A situação guarda semelhança com o que ocorre no entorno do Aeroporto Campo de Marte, em São Paulo. Lá, novas regras de proteção também colocaram o mercado imobiliário em alerta.

No caso paulistano, a discussão envolveu a altura de empreendimentos em áreas distantes da pista, considerando a soma entre terreno e edificação. Com isso, projetos passaram a exigir mais atenção técnica antes da aprovação.

No litoral, o debate ainda aparece em outra escala. Mesmo assim, o princípio é o mesmo: quando uma cidade cresce ao redor de um aeroporto, o planejamento urbano precisa conversar com a segurança operacional.

As zonas de proteção existem porque aeronaves precisam de margens seguras durante pousos e decolagens. Um obstáculo mal posicionado pode afetar trajetórias, procedimentos por instrumentos e alternativas em situações críticas.

Por isso, o DECEA trata o tema como parte da proteção do espaço aéreo.
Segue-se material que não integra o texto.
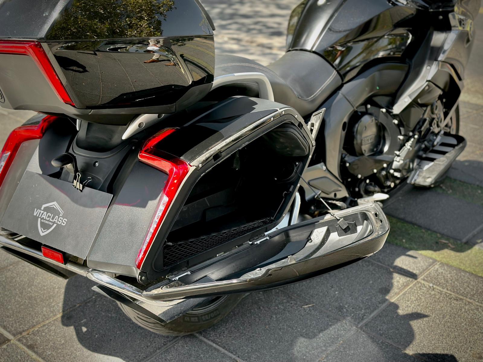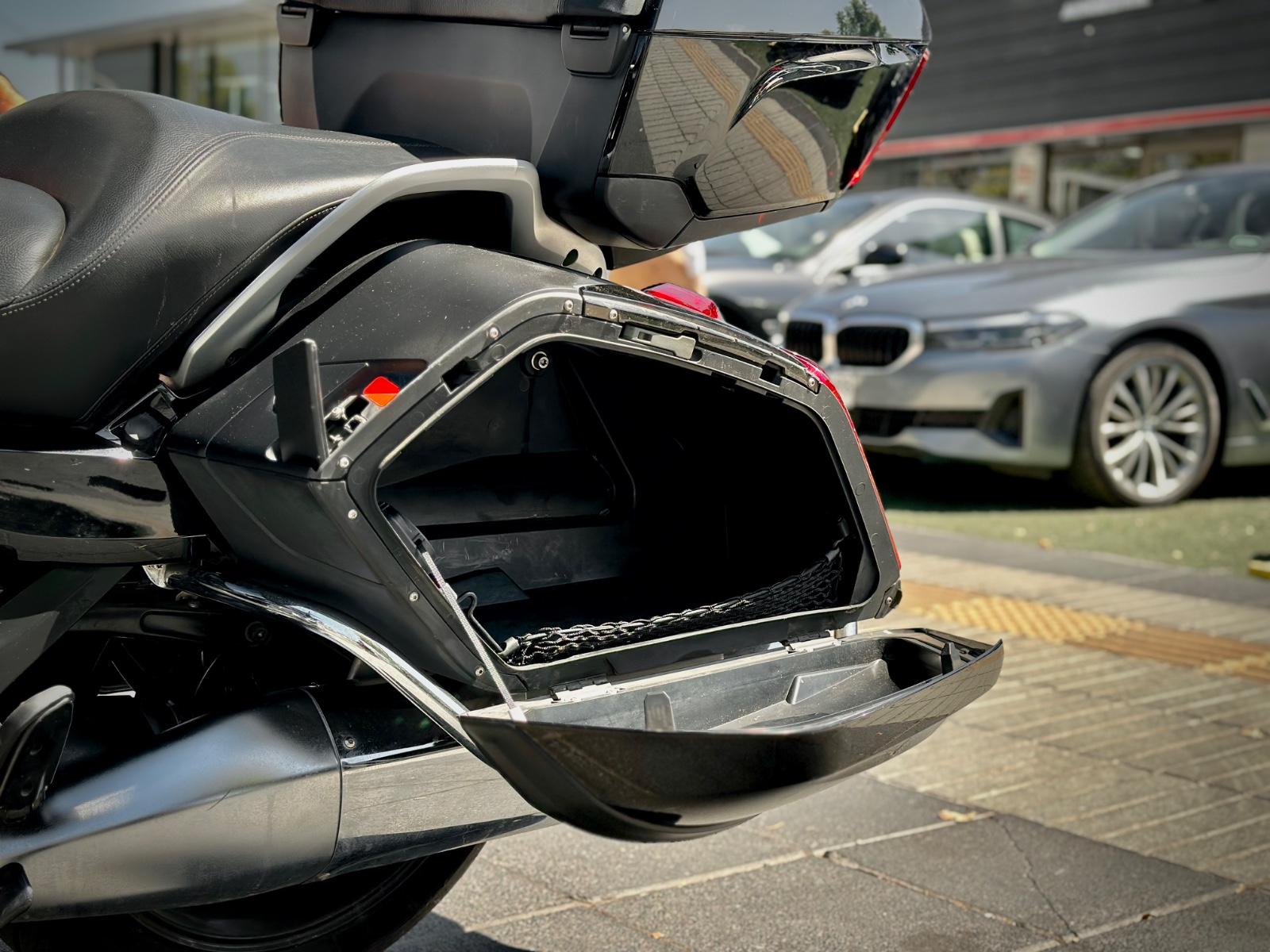 En seguridad y practicidad destaca su iluminación full LED adaptativa, control de presión de neumáticos (RDC) y sistema de marcha atrás asistida, facilitando maniobras pese a su tamaño. Para viajes largos incorpora maletas laterales rígidas y top case trasero con respaldo para el pasajero, entregando gran capacidad de carga y comodidad.

A análise não olha apenas a altura absoluta de uma construção, mas também sua posição, altitude do terreno e interferência nas superfícies protegidas.
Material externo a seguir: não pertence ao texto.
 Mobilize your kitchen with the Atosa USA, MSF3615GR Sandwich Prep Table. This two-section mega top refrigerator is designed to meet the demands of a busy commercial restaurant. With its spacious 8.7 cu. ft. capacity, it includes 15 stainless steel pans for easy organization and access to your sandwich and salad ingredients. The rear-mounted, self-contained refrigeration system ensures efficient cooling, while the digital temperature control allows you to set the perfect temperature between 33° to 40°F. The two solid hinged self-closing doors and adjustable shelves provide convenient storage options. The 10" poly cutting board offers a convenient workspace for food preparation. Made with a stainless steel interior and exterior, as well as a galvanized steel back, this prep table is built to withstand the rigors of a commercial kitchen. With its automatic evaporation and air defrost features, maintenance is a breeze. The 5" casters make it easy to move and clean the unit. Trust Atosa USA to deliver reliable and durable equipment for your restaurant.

Dessa forma, um prédio pode ser viável em uma área e exigir restrição em outra. Essa avaliação depende do ponto exato do terreno e do tipo de superfície aeronáutica envolvida.
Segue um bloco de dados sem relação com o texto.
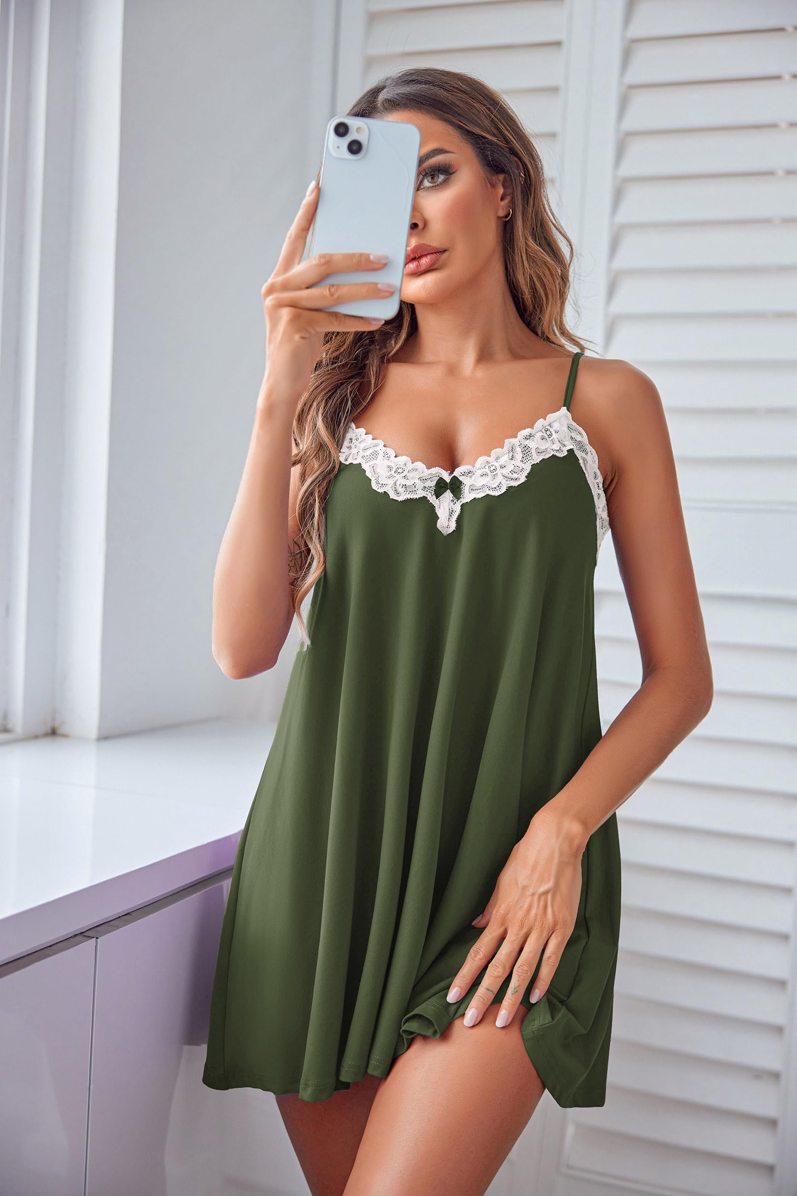 Unique Design. Ekouaer womens pajama dress,featured as adjustable spaghetti straps, unique V tie bow decoration, lace stitching design at the neckline, length at the middle of the thigh, make you more charming and elegant.

Para o setor imobiliário, o principal impacto está na previsibilidade. Empreendimentos planejados sem consulta técnica podem enfrentar atrasos, revisões de projeto ou necessidade de adequações.

Além disso, terrenos que antes pareciam aptos a receber prédios mais altos podem ter potencial construtivo limitado. Isso pode alterar estudos de viabilidade, valores de áreas e estratégias de incorporação.

Por outro lado, a existência de regras claras também pode reduzir insegurança. Quando municípios, construtoras e órgãos aeronáuticos trabalham com dados atualizados, o risco de conflito diminui.

Limite de altura no Aeroporto de Guarujá deve seguir no centro do debate

A tendência é que o tema ganhe mais força conforme o aeroporto se aproxima da operação regular. Afinal, construtoras, prefeituras e moradores precisarão entender como as restrições afetam cada área.

Por enquanto, a questão não deve ser tratada como um problema definitivo. Na verdade, ela representa uma etapa técnica esperada em regiões que convivem com aeródromos.

Mesmo assim, o limite de altura no Aeroporto de Guarujá já coloca a Baixada Santista diante de uma discussão relevante: como crescer verticalmente sem comprometer a segurança dos voos.